Do I need a waiver to enter the United States?

QUESTION: I have never been to the United States but am concerned that I might require a waiver to enter the U.S.  When I was 18, I was charged and convicted of Uttering Threats (indictable) to destroy real property of the RCMP.  I was sentenced to 2 years probation.  It was a case of not thinking before I spoke.  It is the only conviction that I have ever had, and have not been in trouble since.  I am 40 years old now.  I really want to travel to the U.S. to visit some friends, but I am truly afraid to cross the border.  I have heard stories about people getting in a lot of trouble.  Do I need a U.S. entry waiver?  Any help with this would be greatly appreciated.

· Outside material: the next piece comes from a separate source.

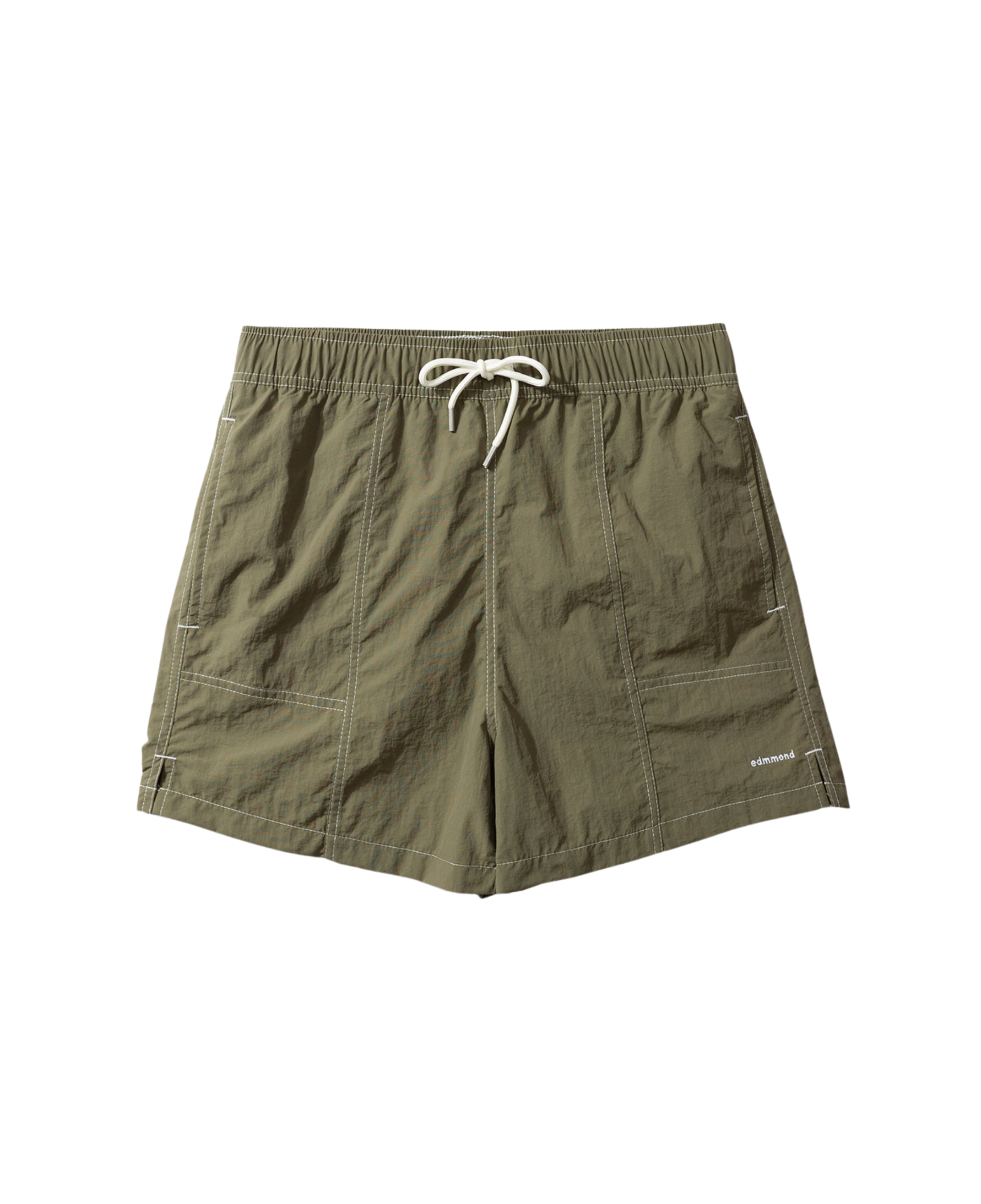 Bañador de nylon color caqui con pespuntes a contraste. Bolsillo parche en parte trasera derecha con mini logo bordado en esquina izquierda delantera y flag label. Confeccionada en 100% nylon. Fabricada en China.

REPLY: Thank you for your message.  I am sorry to hear that you are afraid to cross the border.  While I cannot provide you with case-specific information without first reviewing your case in detail, I can provide you with some general information that might be useful. 

Under the Immigration and Nationality Act (“INA”) § 212(a)(2)(A)(i), any foreign national convicted of a crime involving moral turpitude is inadmissible to the U.S. and will require a waiver to enter.  The term “moral turpitude” generally refers to conduct that is inherently base, vile, or depraved and contrary to the accepted rules of morality and duties owed between persons, or the duties owed to society in general.  A crime of moral turpitude (“CIMT”) has been defined as an illegal act that is, in itself, morally reprehensible and intrinsically wrong as opposed to an act that is wrong simply because it is prohibited by law.

The test to determine whether a particular crime involves moral turpitude is whether the underlying act is accompanied by a vicious motive or a corrupt mind.  This is determined by examining the statutory definition of the offense, not the conduct that resulted in the conviction.  The offense of Uttering Threats defined at § 264.1 of the Criminal Code of Canada punishes individuals who make threats in “any manner.”  There is no specific intent required by statute.  This means that someone could be convicted for Uttering Threats if they were to convey a threat in a negligent or reckless manner.  There is no requirement that the threat be conveyed with evil, malicious, or vicious intent.  Thus, a conviction for Uttering Threats under § 264.1 of the Criminal Code of Canada would likely not be deemed a crime involving moral turpitude and therefore not render the person convicted inadmissible to the U.S.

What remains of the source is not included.